WHAT IS EXPECTED: Set every line of the data down again exactly, and keep the pictures out.

DATA TO USE:
--- --- ---

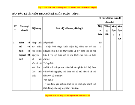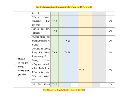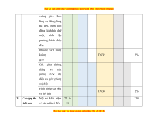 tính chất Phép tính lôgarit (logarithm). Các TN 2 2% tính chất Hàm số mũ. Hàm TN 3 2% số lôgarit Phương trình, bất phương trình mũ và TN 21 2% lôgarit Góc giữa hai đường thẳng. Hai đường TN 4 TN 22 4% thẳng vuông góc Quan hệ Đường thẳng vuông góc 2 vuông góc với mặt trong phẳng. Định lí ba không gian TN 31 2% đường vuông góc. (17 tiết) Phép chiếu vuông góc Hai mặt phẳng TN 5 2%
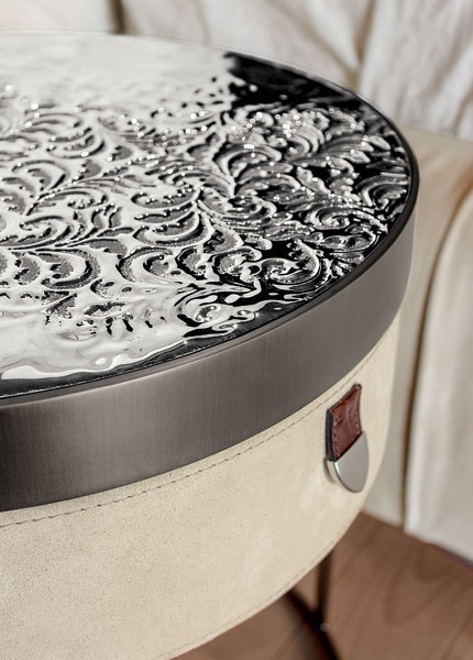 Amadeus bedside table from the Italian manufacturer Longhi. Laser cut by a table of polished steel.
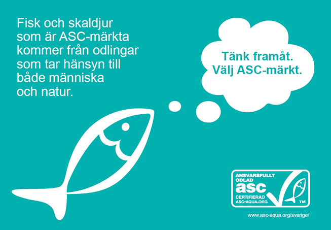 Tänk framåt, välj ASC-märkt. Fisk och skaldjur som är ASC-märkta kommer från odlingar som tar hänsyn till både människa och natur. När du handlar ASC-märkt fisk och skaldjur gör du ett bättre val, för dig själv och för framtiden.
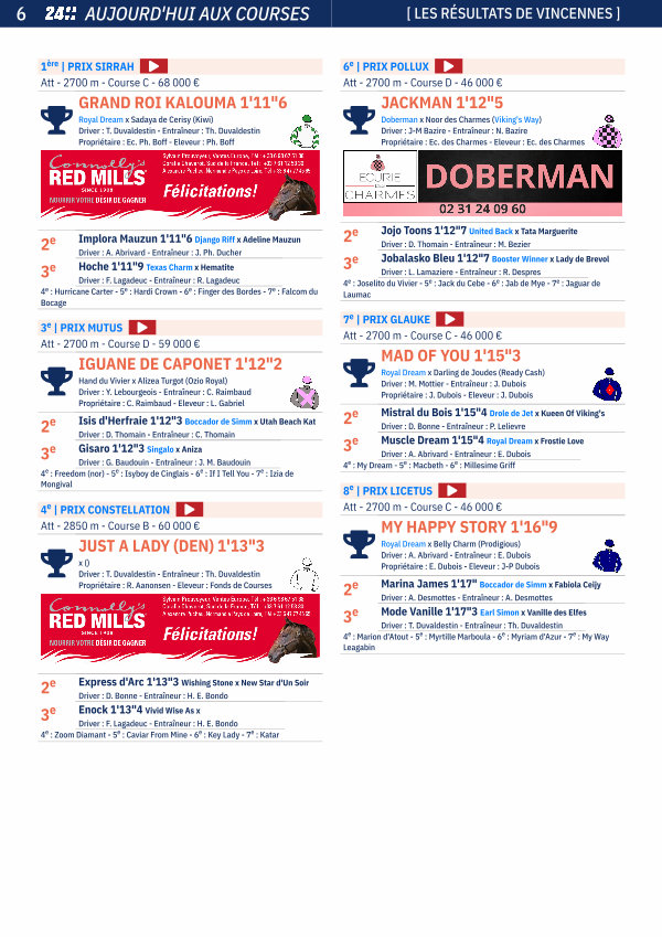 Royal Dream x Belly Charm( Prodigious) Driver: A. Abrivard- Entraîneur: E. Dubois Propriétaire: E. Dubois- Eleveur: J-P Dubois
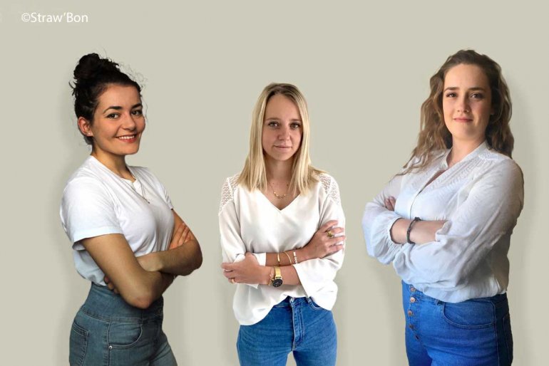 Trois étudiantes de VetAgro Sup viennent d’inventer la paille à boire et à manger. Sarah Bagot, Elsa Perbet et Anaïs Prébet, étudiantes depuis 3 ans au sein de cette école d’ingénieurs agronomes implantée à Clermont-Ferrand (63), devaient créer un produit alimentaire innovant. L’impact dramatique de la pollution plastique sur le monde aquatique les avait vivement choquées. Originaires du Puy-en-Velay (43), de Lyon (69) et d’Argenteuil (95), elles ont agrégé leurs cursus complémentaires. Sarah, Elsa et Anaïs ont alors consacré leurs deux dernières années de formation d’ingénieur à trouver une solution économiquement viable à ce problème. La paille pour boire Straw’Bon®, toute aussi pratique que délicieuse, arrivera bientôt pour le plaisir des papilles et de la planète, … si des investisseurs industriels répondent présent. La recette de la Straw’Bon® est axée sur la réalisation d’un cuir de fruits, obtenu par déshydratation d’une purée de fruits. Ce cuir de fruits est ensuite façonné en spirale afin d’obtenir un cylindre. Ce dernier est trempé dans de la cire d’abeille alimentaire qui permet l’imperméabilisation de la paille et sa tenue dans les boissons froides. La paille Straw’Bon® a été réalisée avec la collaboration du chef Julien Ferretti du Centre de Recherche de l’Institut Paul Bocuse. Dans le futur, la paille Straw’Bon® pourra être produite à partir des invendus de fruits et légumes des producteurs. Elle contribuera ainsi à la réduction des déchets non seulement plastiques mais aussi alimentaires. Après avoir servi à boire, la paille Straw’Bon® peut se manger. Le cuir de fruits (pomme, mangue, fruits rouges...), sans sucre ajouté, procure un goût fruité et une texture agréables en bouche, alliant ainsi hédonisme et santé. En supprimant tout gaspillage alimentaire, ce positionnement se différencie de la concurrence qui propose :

--- --- ---

RESPONSE BOX:
 tính chất Phép tính lôgarit (logarithm). Các TN 2 2% tính chất Hàm số mũ. Hàm TN 3 2% số lôgarit Phương trình, bất phương trình mũ và TN 21 2% lôgarit Góc giữa hai đường thẳng. Hai đường TN 4 TN 22 4% thẳng vuông góc Quan hệ Đường thẳng vuông góc 2 vuông góc với mặt trong phẳng. Định lí ba không gian TN 31 2% đường vuông góc. (17 tiết) Phép chiếu vuông góc Hai mặt phẳng TN 5 2%
 Amadeus bedside table from the Italian manufacturer Longhi. Laser cut by a table of polished steel.
 Tänk framåt, välj ASC-märkt. Fisk och skaldjur som är ASC-märkta kommer från odlingar som tar hänsyn till både människa och natur. När du handlar ASC-märkt fisk och skaldjur gör du ett bättre val, för dig själv och för framtiden.
 Royal Dream x Belly Charm( Prodigious) Driver: A. Abrivard- Entraîneur: E. Dubois Propriétaire: E. Dubois- Eleveur: J-P Dubois
 Trois étudiantes de VetAgro Sup viennent d’inventer la paille à boire et à manger. Sarah Bagot, Elsa Perbet et Anaïs Prébet, étudiantes depuis 3 ans au sein de cette école d’ingénieurs agronomes implantée à Clermont-Ferrand (63), devaient créer un produit alimentaire innovant. L’impact dramatique de la pollution plastique sur le monde aquatique les avait vivement choquées. Originaires du Puy-en-Velay (43), de Lyon (69) et d’Argenteuil (95), elles ont agrégé leurs cursus complémentaires. Sarah, Elsa et Anaïs ont alors consacré leurs deux dernières années de formation d’ingénieur à trouver une solution économiquement viable à ce problème. La paille pour boire Straw’Bon®, toute aussi pratique que délicieuse, arrivera bientôt pour le plaisir des papilles et de la planète, … si des investisseurs industriels répondent présent. La recette de la Straw’Bon® est axée sur la réalisation d’un cuir de fruits, obtenu par déshydratation d’une purée de fruits. Ce cuir de fruits est ensuite façonné en spirale afin d’obtenir un cylindre. Ce dernier est trempé dans de la cire d’abeille alimentaire qui permet l’imperméabilisation de la paille et sa tenue dans les boissons froides. La paille Straw’Bon® a été réalisée avec la collaboration du chef Julien Ferretti du Centre de Recherche de l’Institut Paul Bocuse. Dans le futur, la paille Straw’Bon® pourra être produite à partir des invendus de fruits et légumes des producteurs. Elle contribuera ainsi à la réduction des déchets non seulement plastiques mais aussi alimentaires. Après avoir servi à boire, la paille Straw’Bon® peut se manger. Le cuir de fruits (pomme, mangue, fruits rouges...), sans sucre ajouté, procure un goût fruité et une texture agréables en bouche, alliant ainsi hédonisme et santé. En supprimant tout gaspillage alimentaire, ce positionnement se différencie de la concurrence qui propose :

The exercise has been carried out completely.